Kafka Introduction, Basic Principles, Execution Process and Usage Scenarios

1. Introduction

Apache Kafka is a distributed publish-subscribe messaging system, the definition of kafka on the  kafka official website : a distributed publish-subscribe messaging system. It was originally developed by LinkedIn Corporation, which contributed to the Apache Foundation in 2010 and became a top-level open source project. Kafka is a fast, scalable, inherently distributed, partitioned and replicated commit log service.

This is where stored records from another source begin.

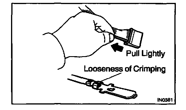 c. Check crimped portions for looseness or damage and check that the terminals are secured in lock portion.
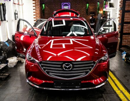 Оклейка антигравийной пленкой Mazda CX-9 Красный фото и видео
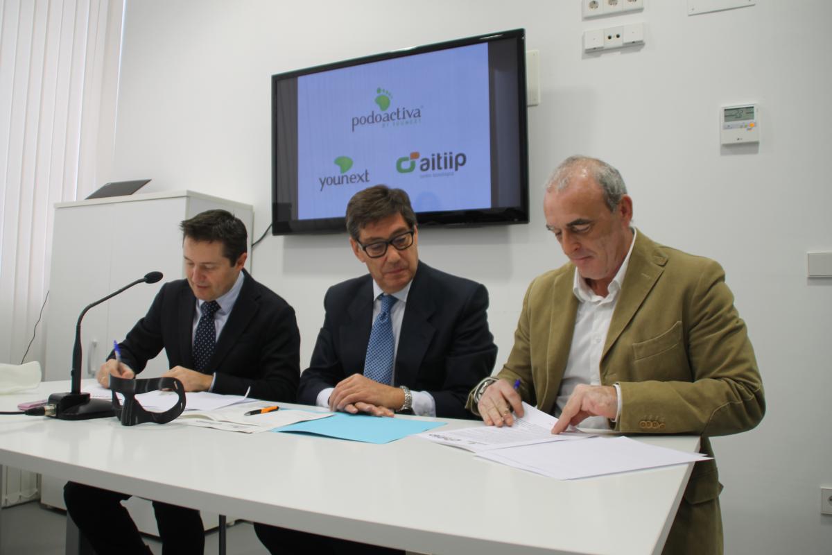 19 Ene 2015Podoactiva lanza la marca Younext para diseñar y fabricar nuevos tratamientos personalizados. Las empresas Podoactiva y AITIIP Centro Tecnológico han alcanzado un acuerdo para colaborar en materia de investigación, desarrollo e innovación tecnológica en el campo de la salud y el deporte. La firma ha tenido lugar en la sede de Podoactiva ubicada en el Parque Tecnológico Walqa, en presencia del consejero de Industria e Innovación y presidente del complejo tecnológico altoaragonés, Arturo Aliaga. Ha corrido a cargo del director general de Podoactiva, Víctor Alfaro, y del director gerente de AITIIP, Víctor Rivera.
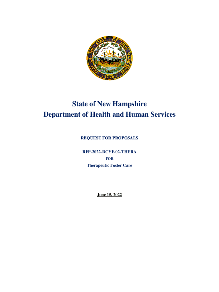 State of New Hampshire Department of Health and Human Services REQUEST FOR PROPOSALS RFP2022DCYF02THERA Therapeutic Foster Care June 15, 2022STATE OF NEW HAMPSHIRE DEPARTMENT OF HEALTH AND HUMAN SERVICES
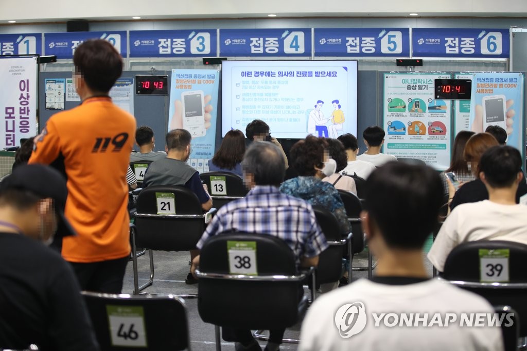 | ▲ People wait for COVID-19 vaccinations at an inoculation center in Seoul on July 27, 2021. (Yonhap) |
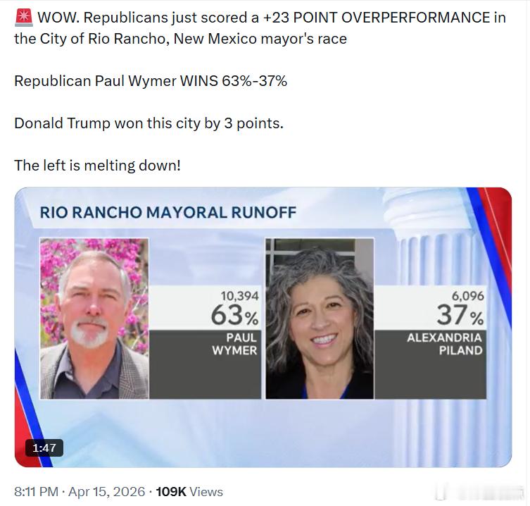 共和党在新墨西哥州里奥兰乔市市长选举中取得了高达+23个百分点的超预期表现。
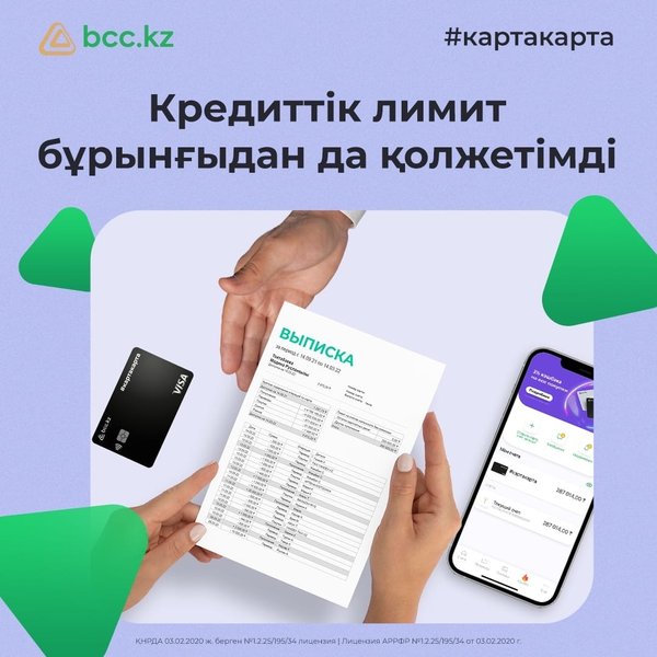 Енді #картакартаны ашу үшін cіздің жеке куәлігіңіз, смартфоныңыз бен BCC.KZ қосымшасы ғана қажет, басқа ештеңе де керек емес! Қарапайым нұсқаулықты пайдаланып, cіз ЦКБ-де шотыңыз болмаса да, мұны бірнеше минут ішінде тегін әрі онлайн жасай аласыз #картакарта ұсынатын артықшылықтар: — кез келген сауда үшін 2%-ға дейін кэшбэк — сүйікті санаттар бойынша сауда үшін 10%-ға дейін кэшбэк — серіктестер желісіндегі сауда үшін 30%-ға дейін кэшбэк — 7 миллион теңгеге дейінгі кредиттік лимит — ЦКБ серіктестерінің желісінде пайызсыз және артық төлемсіз б… — Читать дальше
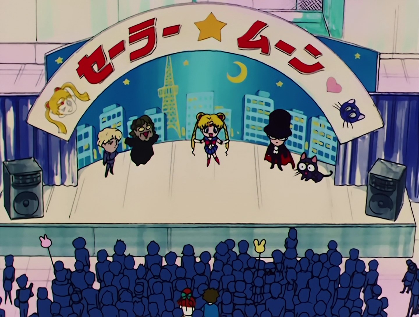 Minako rettet auf dem Schulweg ein kleines Mädchen namens Mie vor den bösen Buben und erzählt ihr von Sailor Venus. Mie kennt nur Sailor Moon, doch bald bekommt sie Gelegenheit, beide Sailor Kriegerinnen in Aktion zu sehen, als ein Bus mit Kindern von einem Kardian überfallen wird. Der Kardian ist zu stark für die Senshi, aber die Kinder vertrauen ihnen und so kann Sailor Venus ihre Kräfte verstärken und ihn mit ihrem neuen Crescent Beam Shower erledigen. |
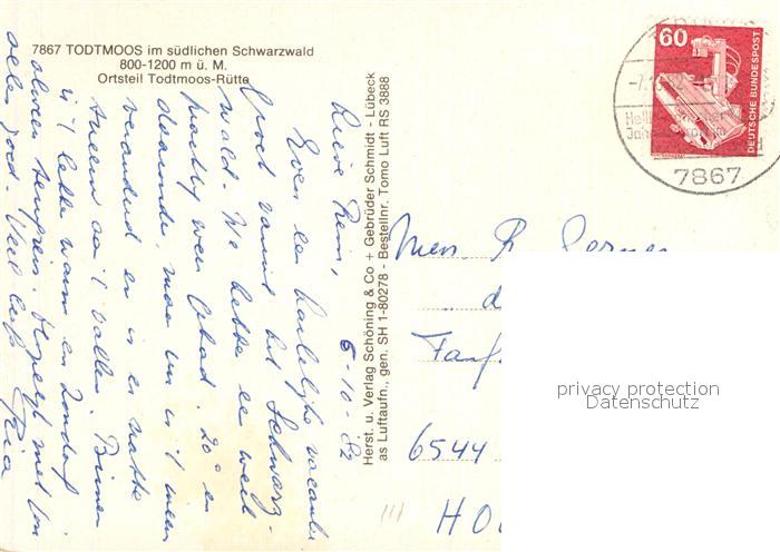 72934722 alte Postkarte Ruette Todtmoos Schwarzwald Fliegeraufnahme postalisch gelaufen Erhaltung siehe scans [FriedD77] KatCode: 11110008337108
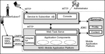 ·移動應(yīng)用系統(tǒng)(MAS)。幾乎所有的移動應(yīng)用都由MAS完成。MAS最主要的接口是與不同移動運(yùn)營商網(wǎng)關(guān)的連接,被定義為網(wǎng)關(guān)適配器(Adapter
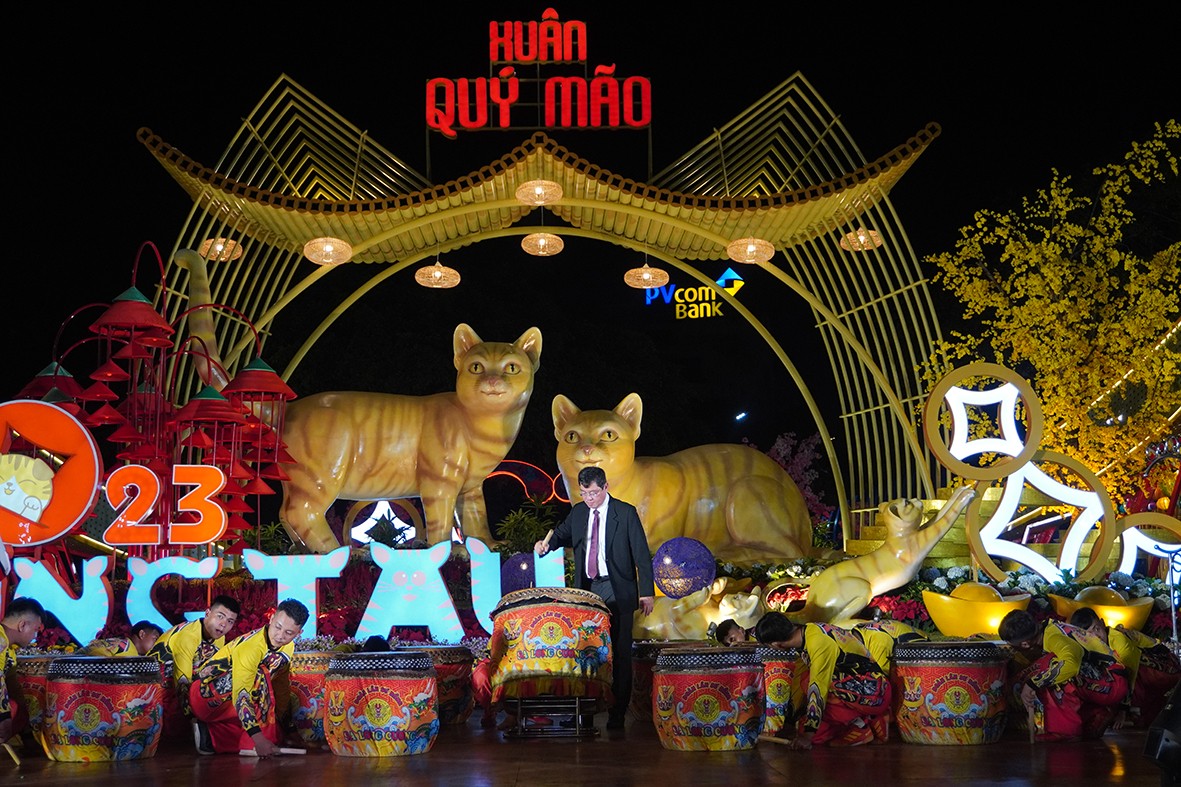 | Ông Trần Đình Khoa, Uỷ viên Ban Thường vụ Tỉnh uỷ, Bí thư Thành uỷ Vũng Tàu đánh trống mở màn Ngày hội Lân Sư Rồng. |
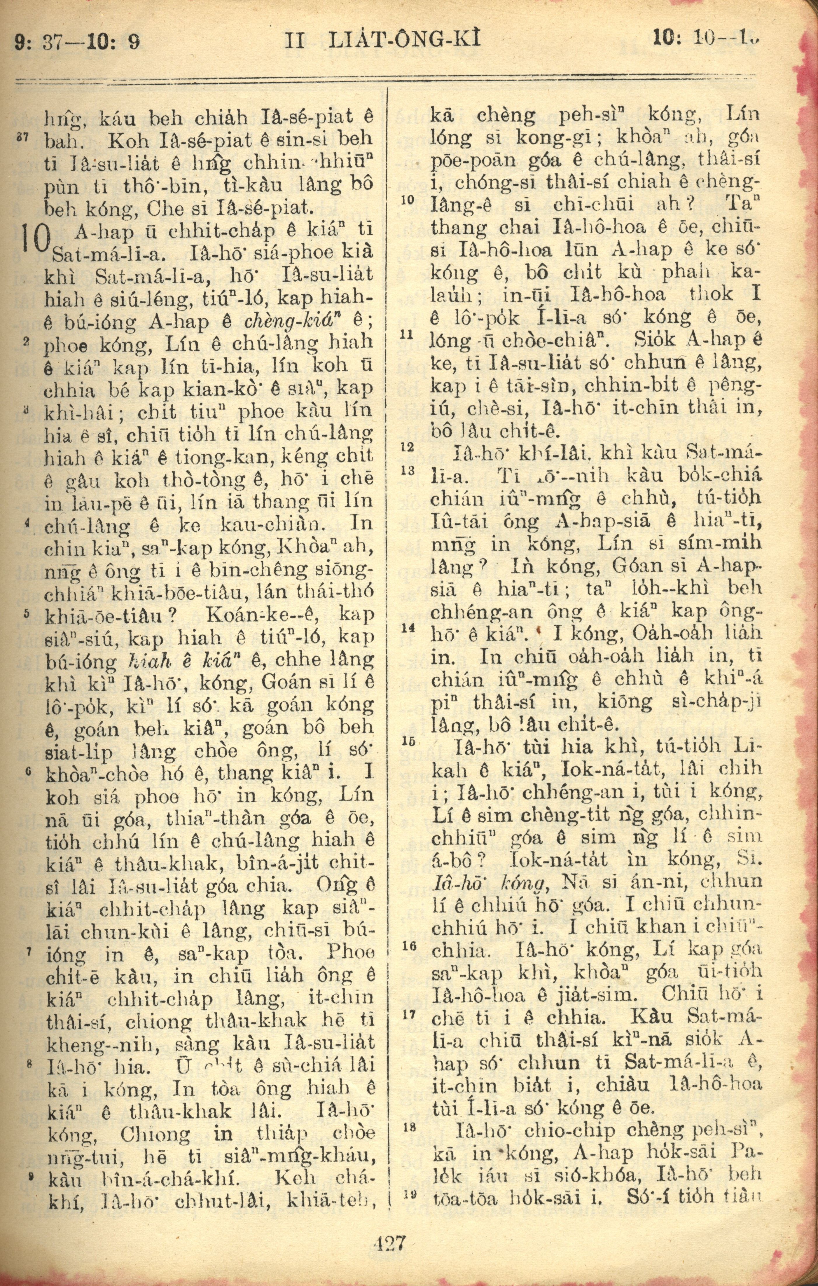1957年巴克禮全羅台語聖經串珠版 列王紀下 9 章 37 節到 10 章 19 節
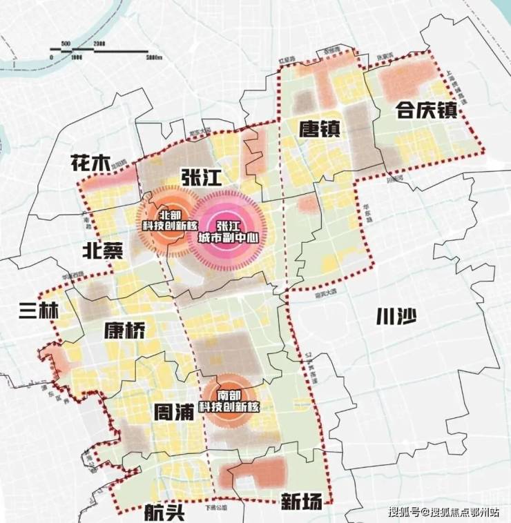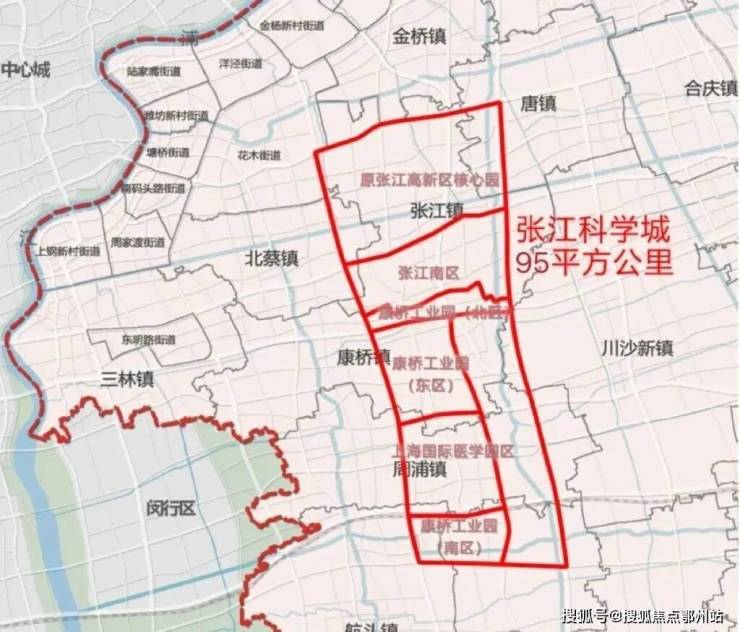 到2021年,张江的一个重要举动,终于让唐镇“名正言顺”——张江科学城从95平方公里扩展至220平方公里,形成“一心两核、多圈多廊”布局,唐镇直接进入张江版图。
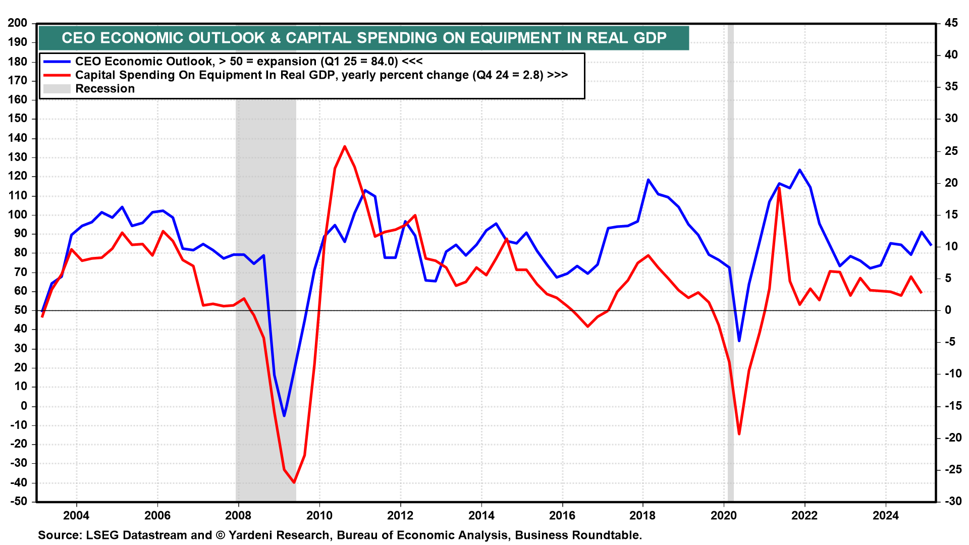 This quarter’s survey, conducted from February 19 through March 7, 2025, was completed by 150 CEOs. More than three-quarters of responses were submitted before the 25% US tariffs on Canada and Mexico were announced on March 3, 2025. Odds are that the Q2 survey will show a big drop in the CEO index, which could weigh on capital spending.
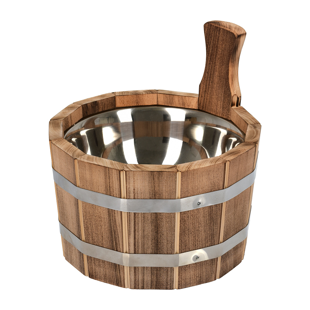 Ушат "шайка" 3,5 л. с нержавеющей вставкой, обожжённая липа, "Банные штучки"
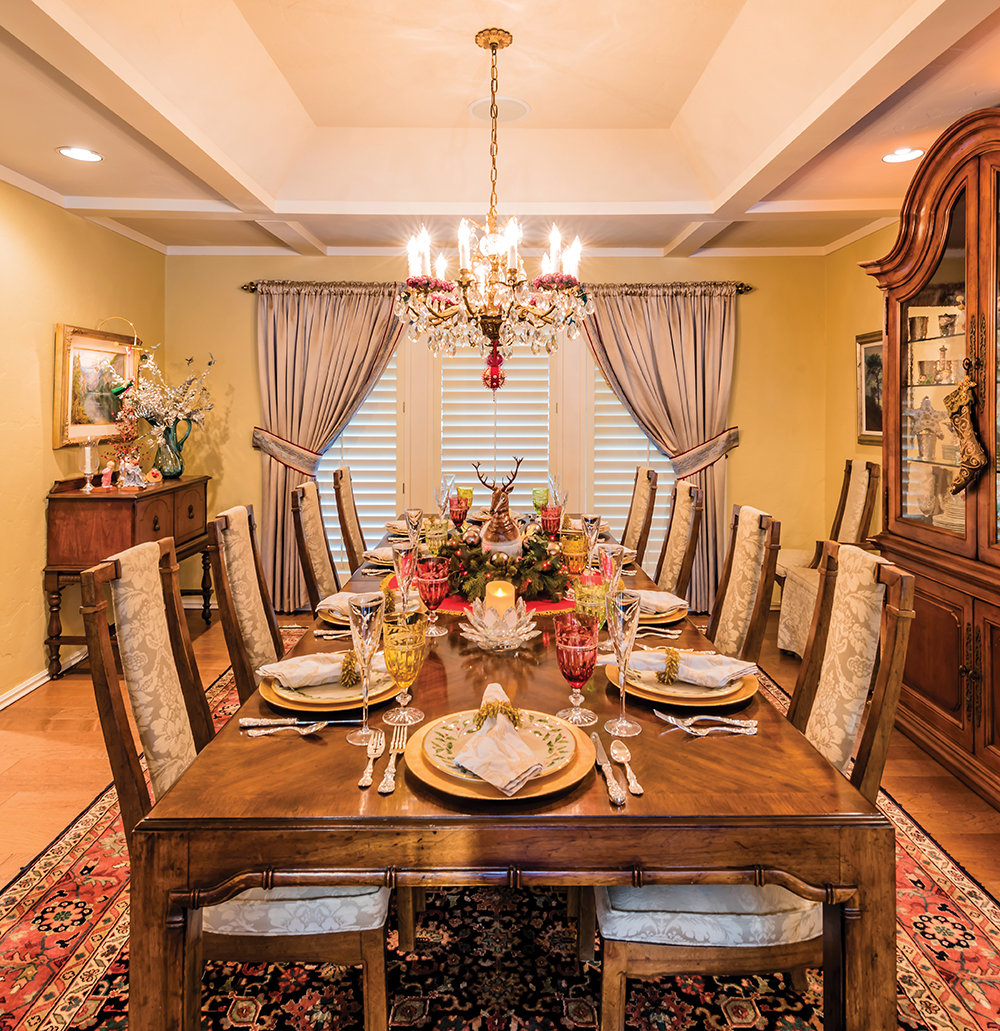 Sweet shenanigans such as these set the tone for the Christmas décor, and indeed the whole season, at the Escos’ Quail Creek home. “For us, it’s very Christ-centered. We’re very joyful, with arms wide open, full of love and generosity, because He is why we celebrate,” she says. And celebrate they do.
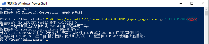 • 然后运行如下命令(注意命令中的IIS APPPOOL\XXXX为上述错误中括号中的内容):
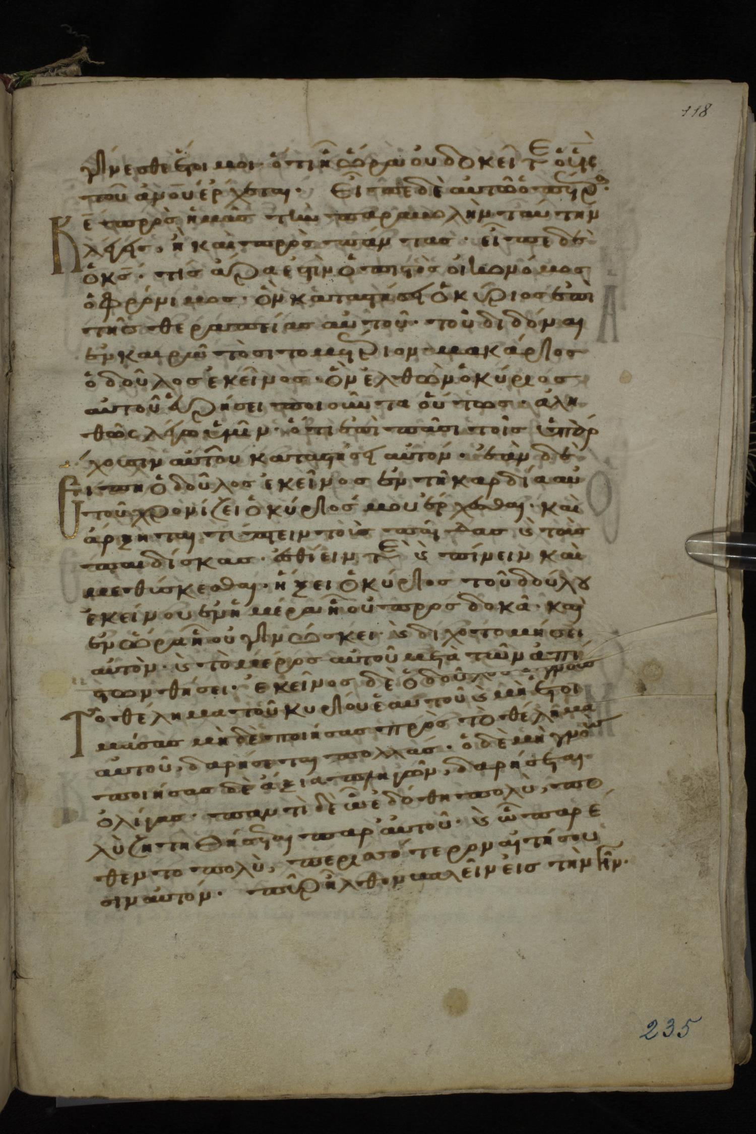 Twelfth century minuscule of the Gospels on parchment; 185 leaves, 1 column, 29 lines per column. Images were taken at the National Library of Greece in Athens.
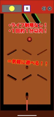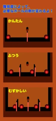 全てのゲートにボールが収まるように狙って落とすだけのシンプルゲーム。

Comparison of several distributed system message systems:

write picture description here

Recommended related articles: Comparison of various message queues, Kafka in-depth analysis, recommended by everyone, wonderful and good articles!  
http://blog.csdn.net/allthesametome/article/details/47362451

2. Kafka Basic Architecture

Its architecture includes the following components:

1. Topic: It is a specific type of message flow. The message is the payload of bytes, and the topic is the category name or feed name of the message;

2. Producer: Any object that can publish messages to a topic;

3. Service Broker: Published messages are stored in a set of servers, which are called Brokers or Kafka clusters;

4. Consumer: You can subscribe to one or more topics and pull data from the Broker to consume these published messages;

write picture description here

As can be seen in the above figure, the producer sends data to the broker agent, the broker agent has multiple topics, and the consumer obtains data from the broker.

3. Basic principles

We call the publication of the message the producer, the subscription of the message as the consumer, and the intermediate storage array as the broker (broker), so that we can roughly describe such a scene:

write picture description here

The producer produces the data and gives it to the broker for storage. When the consumer needs to consume the data, it takes the data from the broker, and then completes a series of data processing operations.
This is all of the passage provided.